[THE DATA]
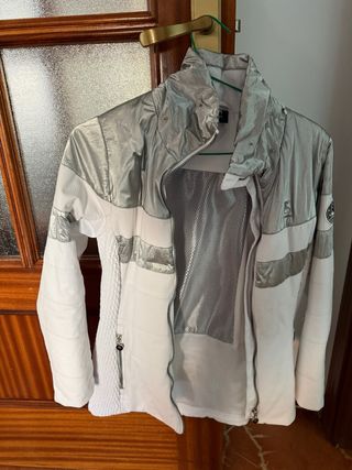 Set di due giacche con un design moderno e accattivante. - Giacca principale in colore argento brillante. - Dettagli e maniche in bianco. - Cerniera frontale. - Collo alto.
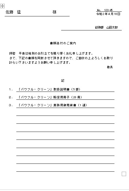 さて、下記の書類を同封させて頂きますので、ご査収の上よろしくお取り
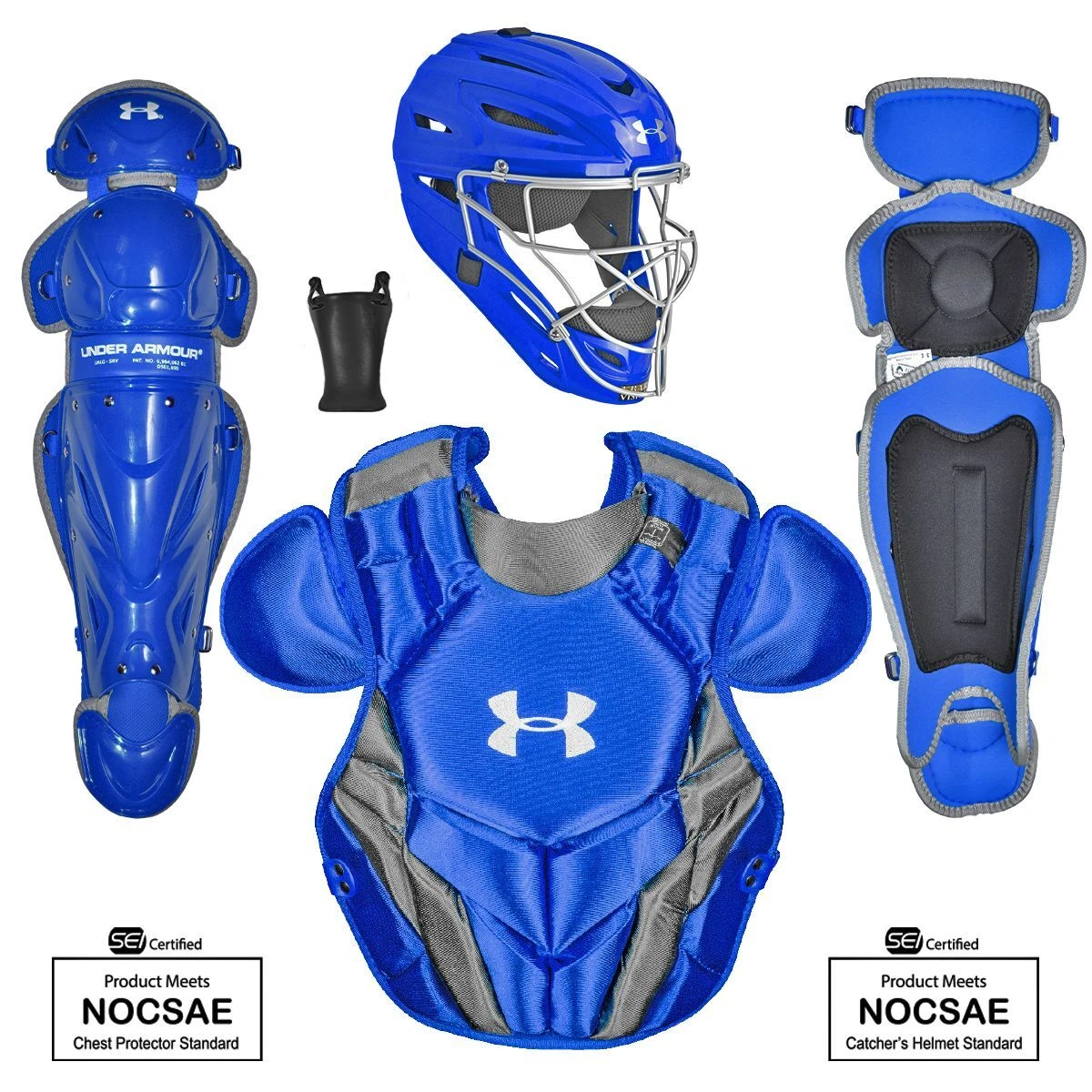 Under Armour Converge Victory Series Senior Catchers Gear Set UACKCC4-SRVS (ages 12-16) is complete with the gear needed to have an effective game behind the plate. This unique Under Armour catchers gear set is the ideal purchase for player development. The Under Armour brand is consistent and reliable. Therefore, this Under Armour Converge Victory catchers kit comes complete with hockey style helmet (7 – 7 1/2), over the shoulder chest protector (15.5″ inch) and lightweight leg guards (14.5″). The Under Armour Converge Victory Series Senior Catchers Set kit offers the comfort, performance and technology all serious athletes need. It also comes at an affordable price. Therefore, theย Under Armour Converge Victory Series Senior Catchers Gear Set UACKCC4-SRVSย is perfect for the up and coming, inexperienced ballplayer. It also is ideal for the seasoned ballplayer looking to up his level of play. The Under Armour catchers gear set is available in four colors. ( black, navy, red, royal). So, be sure to match your team colors with this catchers gear set.
[/THE DATA]
** YOUR OBJECTIVE **
Would you copy out the data exactly, leaving every picture out?

** RESPONSE FOR THIS EXERCISE **
 Set di due giacche con un design moderno e accattivante. - Giacca principale in colore argento brillante. - Dettagli e maniche in bianco. - Cerniera frontale. - Collo alto.
 さて、下記の書類を同封させて頂きますので、ご査収の上よろしくお取り
 Under Armour Converge Victory Series Senior Catchers Gear Set UACKCC4-SRVS (ages 12-16) is complete with the gear needed to have an effective game behind the plate. This unique Under Armour catchers gear set is the ideal purchase for player development. The Under Armour brand is consistent and reliable. Therefore, this Under Armour Converge Victory catchers kit comes complete with hockey style helmet (7 – 7 1/2), over the shoulder chest protector (15.5″ inch) and lightweight leg guards (14.5″). The Under Armour Converge Victory Series Senior Catchers Set kit offers the comfort, performance and technology all serious athletes need. It also comes at an affordable price. Therefore, theย Under Armour Converge Victory Series Senior Catchers Gear Set UACKCC4-SRVSย is perfect for the up and coming, inexperienced ballplayer. It also is ideal for the seasoned ballplayer looking to up his level of play. The Under Armour catchers gear set is available in four colors. ( black, navy, red, royal). So, be sure to match your team colors with this catchers gear set.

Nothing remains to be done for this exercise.